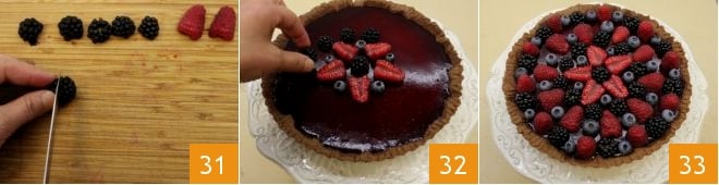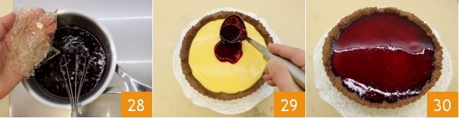 Übertragen Sie die Sauce in einen kleinen Topf und fügen Sie die aus dem Wasser entnommene und gut ausgedrückte Gelatine hinzu, lassen Sie sie bei niedriger Hitze unter Rühren des Gemisches 5 Minuten lang auflösen 28. Schalten Sie die Hitze aus und nehmen Sie die gefüllte Tarte aus dem Kühlschrank. Gießen Sie die heiße Coulis auf die Oberfläche, mit einem Löffel 29 und dosieren Sie sie so, dass sie nicht aus der Torte austritt 30. Stellen Sie das Dessert für mindestens weitere 2 Stunden in den Kühlschrank.
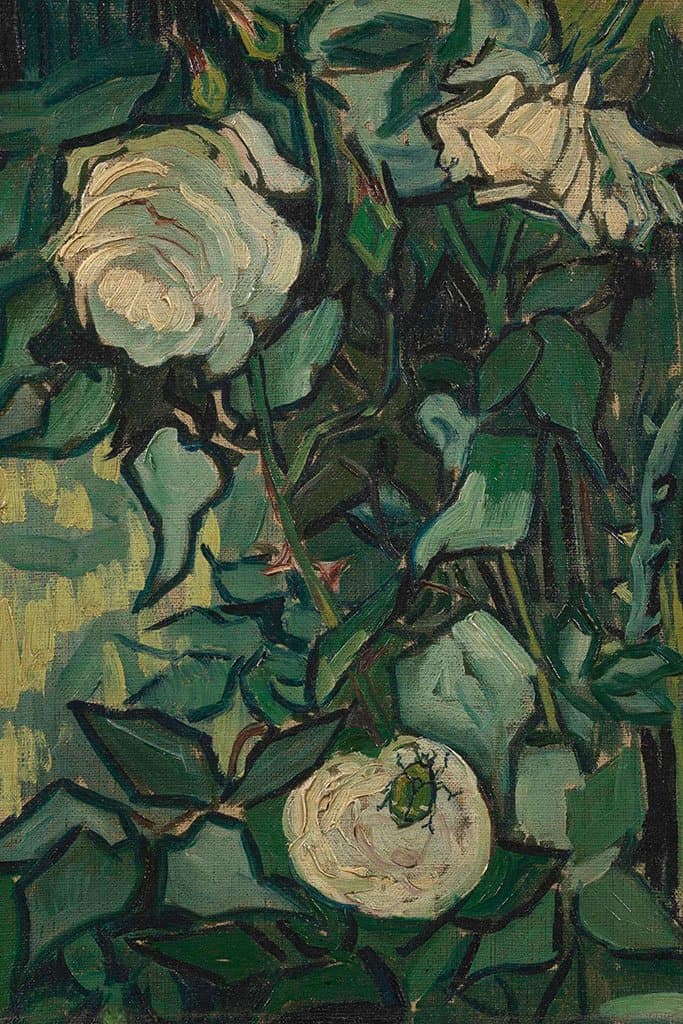 De rozen in dit schilderij waren oorspronkelijk niet wit maar roze. Je kunt een hint van die kleur zien. Dat is veranderd omdat een pigment in verf in de loop van de tijd is vervaagd. Op een blad eronder zit een insect, veel nauwkeuriger geschilderd dan de rest van het schilderij. Het is een gouden kever (Cetonia aurata). Van Gogh had de kever al eerder geschetst. Waarschijnlijk heeft hij hier op getekend.
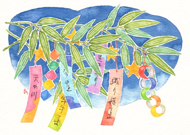 ●七夕 七夕が日本に伝わってきたのは平安時代のこと。初めは宮中行事として行われていましたが江戸時代になり、やがて庶民へと広がっていきました。庶民が短冊を吊るすようになったのも江戸時代からのこと。寺子屋で学んだり習い事をする子どもが増えた時代でもあり、その上達を星に願うようになりました。なので七夕の願い事には欲しいものなどを願うのではなく、夢の達成や実力アップなどの願いごとをするのが良しとされています。
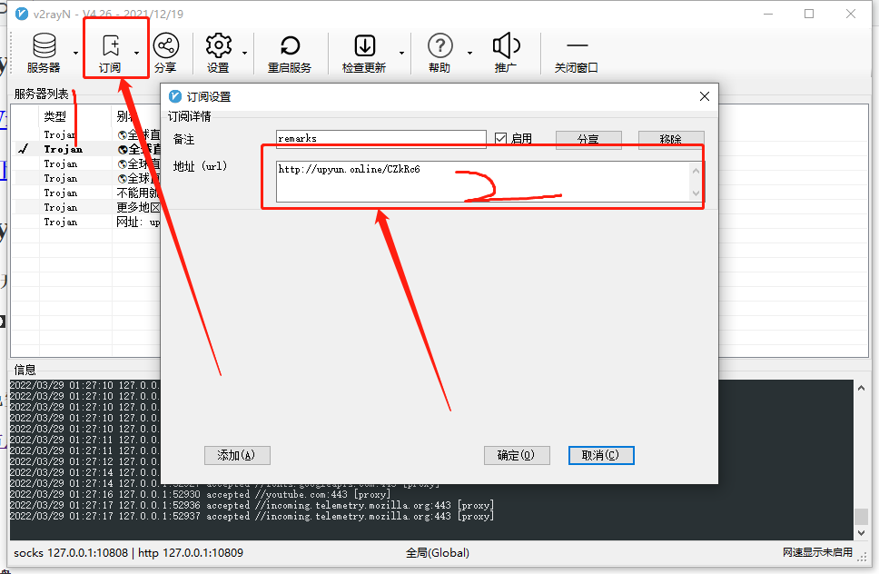 3.点击电脑软件v2ray中的【订阅】–》【更新订阅】就可以看到节点了。选中某一个节点后 按【回车键】即可使用该节点。

### WHAT YOU SHOULD DO
Skip every picture, and give the rest of the material above again exactly.

### OUTPUT FOR THIS EXERCISE
 Übertragen Sie die Sauce in einen kleinen Topf und fügen Sie die aus dem Wasser entnommene und gut ausgedrückte Gelatine hinzu, lassen Sie sie bei niedriger Hitze unter Rühren des Gemisches 5 Minuten lang auflösen 28. Schalten Sie die Hitze aus und nehmen Sie die gefüllte Tarte aus dem Kühlschrank. Gießen Sie die heiße Coulis auf die Oberfläche, mit einem Löffel 29 und dosieren Sie sie so, dass sie nicht aus der Torte austritt 30. Stellen Sie das Dessert für mindestens weitere 2 Stunden in den Kühlschrank.
 De rozen in dit schilderij waren oorspronkelijk niet wit maar roze. Je kunt een hint van die kleur zien. Dat is veranderd omdat een pigment in verf in de loop van de tijd is vervaagd. Op een blad eronder zit een insect, veel nauwkeuriger geschilderd dan de rest van het schilderij. Het is een gouden kever (Cetonia aurata). Van Gogh had de kever al eerder geschetst. Waarschijnlijk heeft hij hier op getekend.
 ●七夕 七夕が日本に伝わってきたのは平安時代のこと。初めは宮中行事として行われていましたが江戸時代になり、やがて庶民へと広がっていきました。庶民が短冊を吊るすようになったのも江戸時代からのこと。寺子屋で学んだり習い事をする子どもが増えた時代でもあり、その上達を星に願うようになりました。なので七夕の願い事には欲しいものなどを願うのではなく、夢の達成や実力アップなどの願いごとをするのが良しとされています。
 3.点击电脑软件v2ray中的【订阅】–》【更新订阅】就可以看到节点了。选中某一个节点后 按【回车键】即可使用该节点。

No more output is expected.